» Exercise requirements
From the records below, please print only the lines from the one containing "喜報(bào)!公司總承包榆" through the one containing "本系統可與火災自動報警系統聯", both included. Skip the pictures.

Data entries:
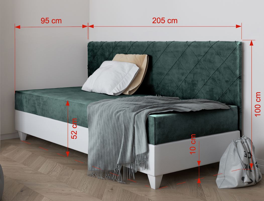 Čalúnená posteľ LAGOS II s praktickým úložným priestorom na lôžkoviny má príjemný látkový povrch. Vďaka tomuto riešeniu je posteľ pohodlná na spanie a zároveň praktická na každodenné použitie. Látkové čalúnenie a vysoké bočné čelo dodáva posteli nielen elegantný nádych, ale zároveň chráni pred chladom od steny. Úložný priestor je potiahnutý ekokožou v bielej farbe. Rozmery spacej plochy 200x90 cm sú vhodné pre jednu osobu, takže je táto posteľ ideálna do malých spální či izieb alebo pre ľudí, ktorí potrebujú miesto na spanie, ale nemajú v miestnosti veľa miesta. Látkový poťah matraca poskytuje pri spánku väčšie pohodlie. Posteľ dodávame s penovým matracom alebo pružinovým bonelovým matracom s výškou 14 cm.
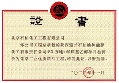 喜報(bào)!公司總承包榆神乙醇項(xiàng)目獲得多項(xiàng)榮譽(yù)
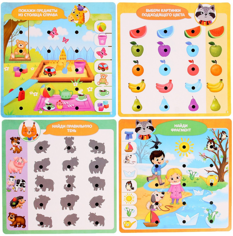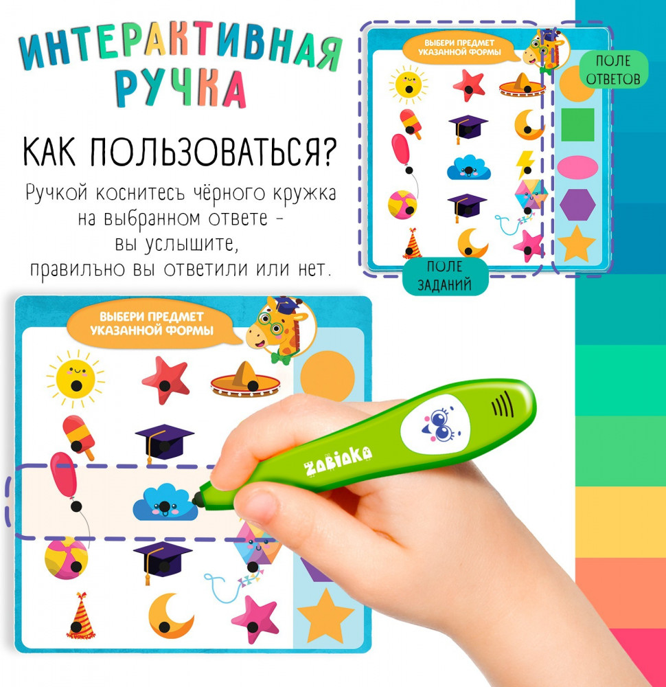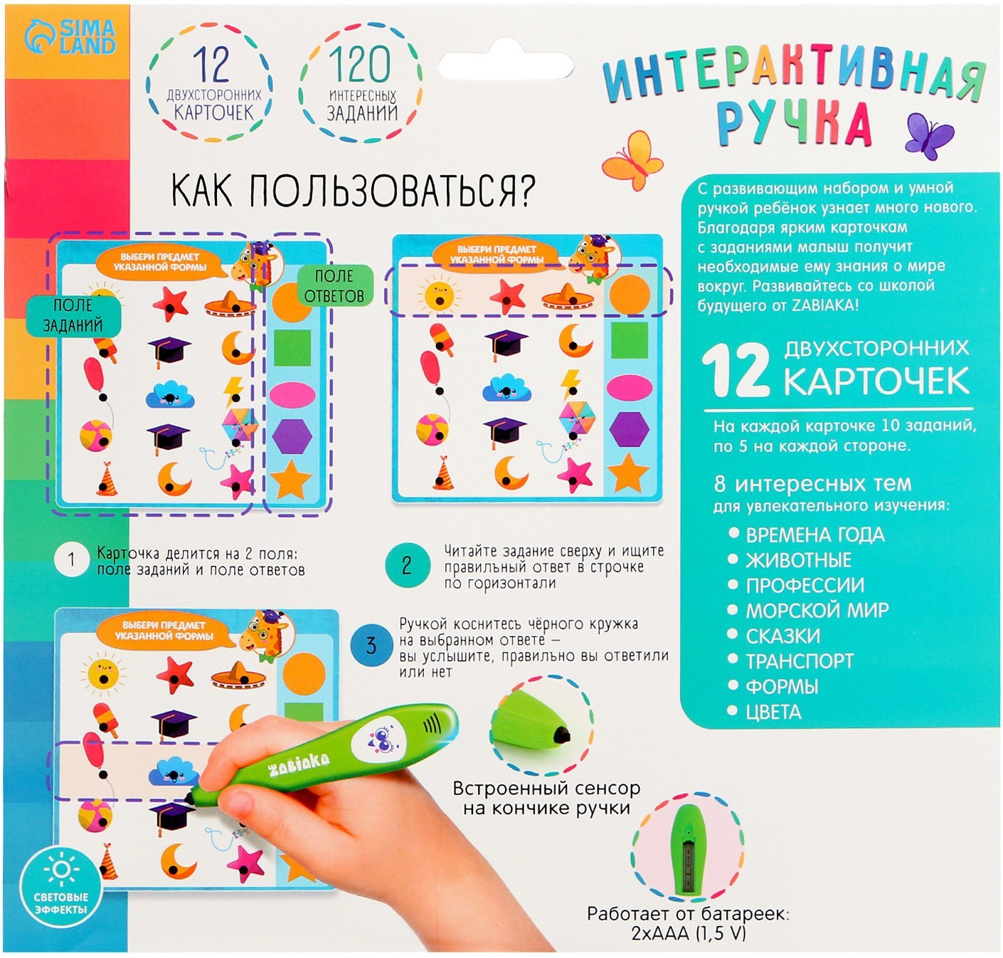 С игрушкой ребёнок откроет много нового и интересного про животный мир, профессии, формы, цвета и многое другое! Также малыш научится правильно держать ручку в руке. В набор входит 12 двухсторонних обучающих карточек. На них малыша ждёт 120 заданий. Каждая карточка посвящена одной определённой теме. Когда ребёнок коснется ручкой чёрного кружка на выбранном ответе — он услышит, правильно ответил или нет. 8 тем: времена года, животные, профессии, морской мир, сказки, транспорт, формы, цвета.
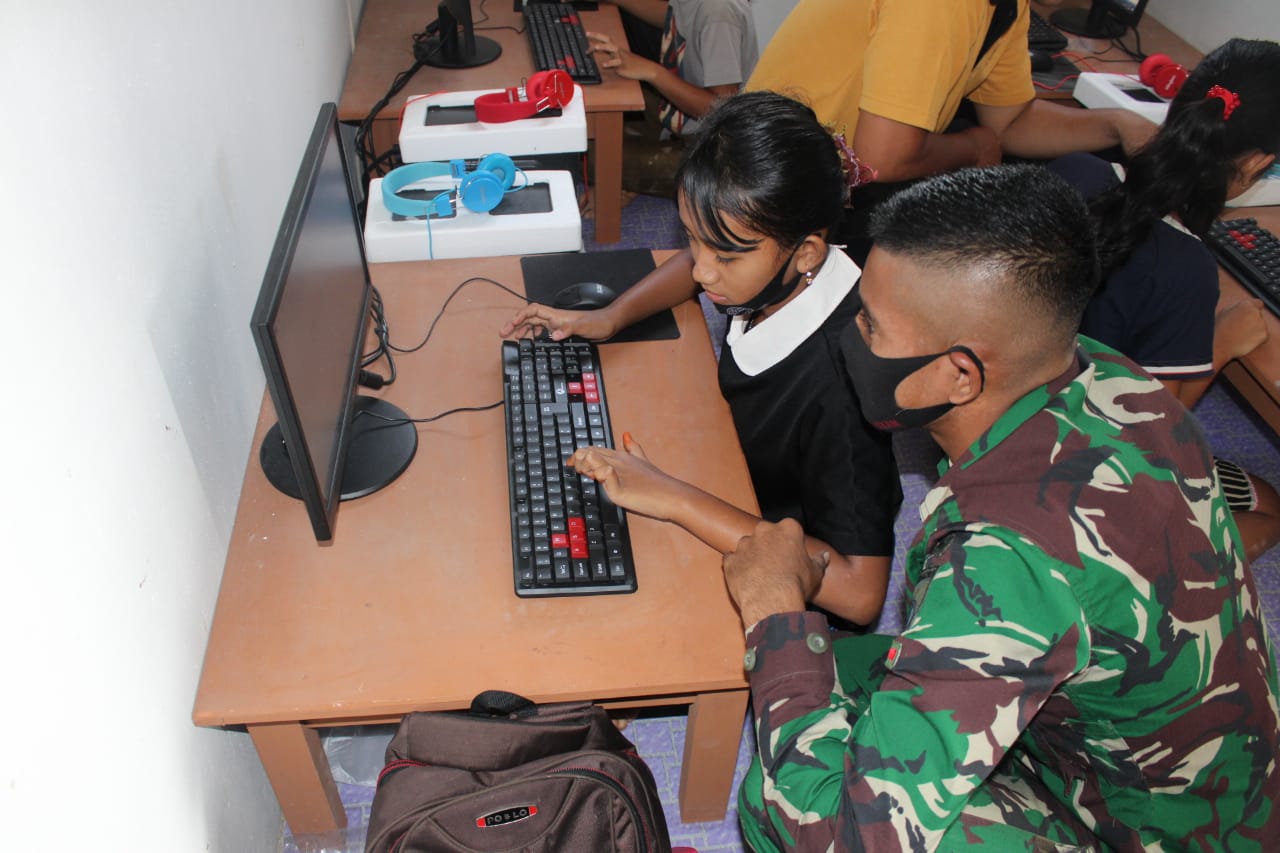 “Pratu Jeflin dan Prada La Ode Saman membantu para guru mengenalkan materi komputer kepada murid-murid SD 25 Perimpah,” ucap Letkol Inf Catur Irawan.
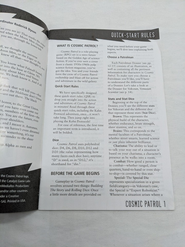 Cosmic Patrol Quick-Start Rules The Kahn Protocol Science Fiction RPG Booklet.
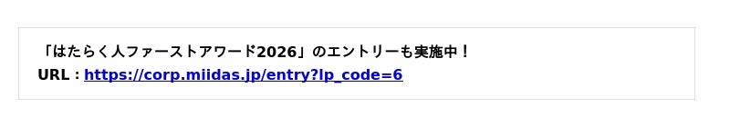 URL:https://corp.miidas.jp/landing/hatarakuhito_first_award/2025/ranking
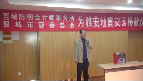 2013年4月28日下午三時(shí),陳明集團(tuán)會(huì)議室里愛(ài)意濃濃,正在舉行為雅安地震捐款獻(xiàn)愛(ài)心活動(dòng),此次捐款活動(dòng)我們有幸請(qǐng)到了晉城市慈善總會(huì)陳副會(huì)長(zhǎng)光臨并作了重要講話,表示一定將陳明集團(tuán)全體員工的愛(ài)心送到雅安同胞手上。
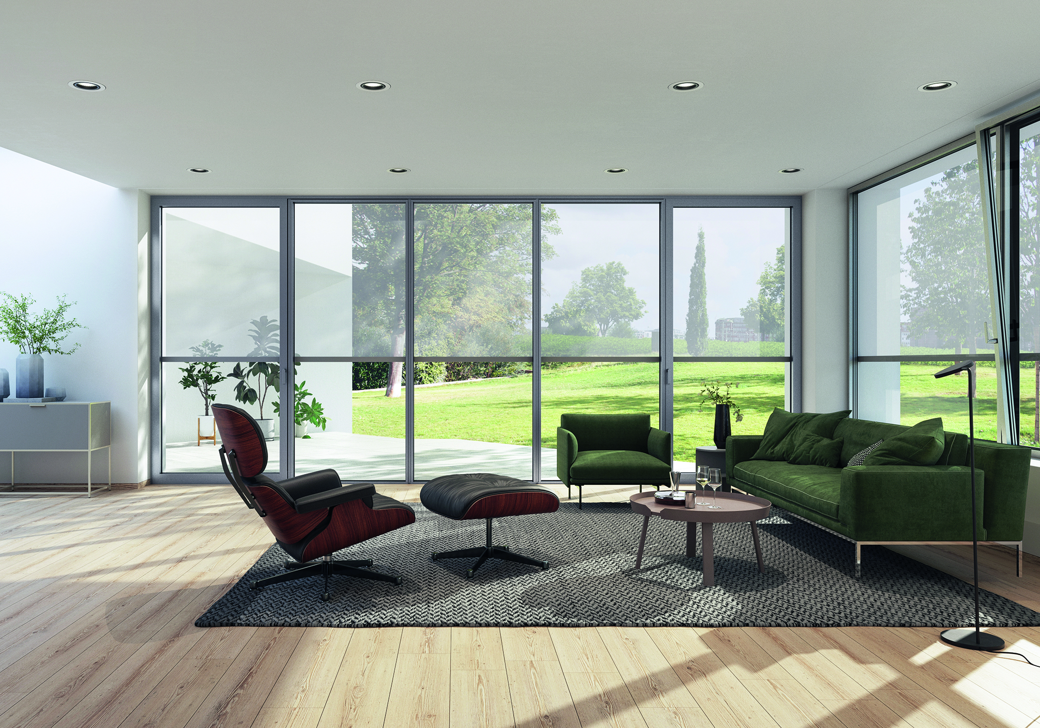 The internal sun shading combines glare protection, sun shading and thermal insulation in a single system, regardless of wind and weather.
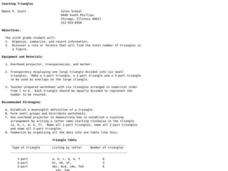 Sixth graders examine triangles in a figure. In this geometry lesson, 6th graders establish a method for counting triangles within a given figure. Students discover that the total number of triangles is the sum of all numbers counted.
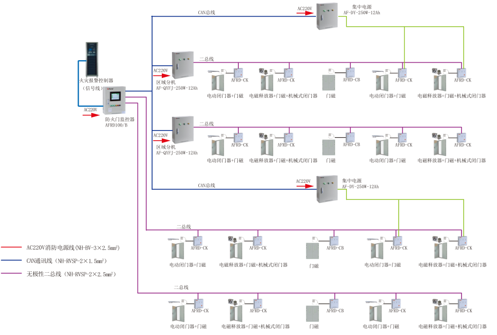 本系統可與火災自動報警系統聯動,當發生火情時,可接收火災報警系統發出的信號,并通過總線,將指令發布到每個終端,自動關閉所有常開防火門,隔離火源和煙霧。
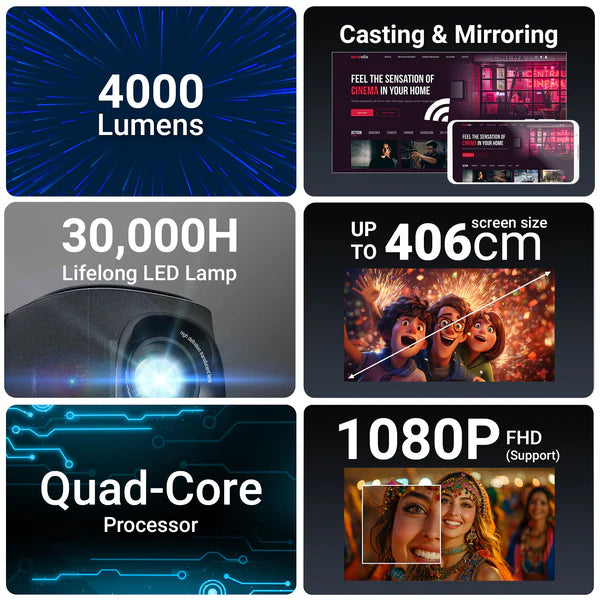 ZEBRONICS PIXAPLAY 24, Smart LED Vertical Projector, 4000 Lumens, 1080p Support, 160" Screen Size, Auto Focus

» Exercise answer
 喜報(bào)!公司總承包榆神乙醇項(xiàng)目獲得多項(xiàng)榮譽(yù)
 С игрушкой ребёнок откроет много нового и интересного про животный мир, профессии, формы, цвета и многое другое! Также малыш научится правильно держать ручку в руке. В набор входит 12 двухсторонних обучающих карточек. На них малыша ждёт 120 заданий. Каждая карточка посвящена одной определённой теме. Когда ребёнок коснется ручкой чёрного кружка на выбранном ответе — он услышит, правильно ответил или нет. 8 тем: времена года, животные, профессии, морской мир, сказки, транспорт, формы, цвета.
 “Pratu Jeflin dan Prada La Ode Saman membantu para guru mengenalkan materi komputer kepada murid-murid SD 25 Perimpah,” ucap Letkol Inf Catur Irawan.
 Cosmic Patrol Quick-Start Rules The Kahn Protocol Science Fiction RPG Booklet.
 URL:https://corp.miidas.jp/landing/hatarakuhito_first_award/2025/ranking
 2013年4月28日下午三時(shí),陳明集團(tuán)會(huì)議室里愛(ài)意濃濃,正在舉行為雅安地震捐款獻(xiàn)愛(ài)心活動(dòng),此次捐款活動(dòng)我們有幸請(qǐng)到了晉城市慈善總會(huì)陳副會(huì)長(zhǎng)光臨并作了重要講話,表示一定將陳明集團(tuán)全體員工的愛(ài)心送到雅安同胞手上。
 The internal sun shading combines glare protection, sun shading and thermal insulation in a single system, regardless of wind and weather.
 Sixth graders examine triangles in a figure. In this geometry lesson, 6th graders establish a method for counting triangles within a given figure. Students discover that the total number of triangles is the sum of all numbers counted.
 本系統可與火災自動報警系統聯動,當發生火情時,可接收火災報警系統發出的信號,并通過總線,將指令發布到每個終端,自動關閉所有常開防火門,隔離火源和煙霧。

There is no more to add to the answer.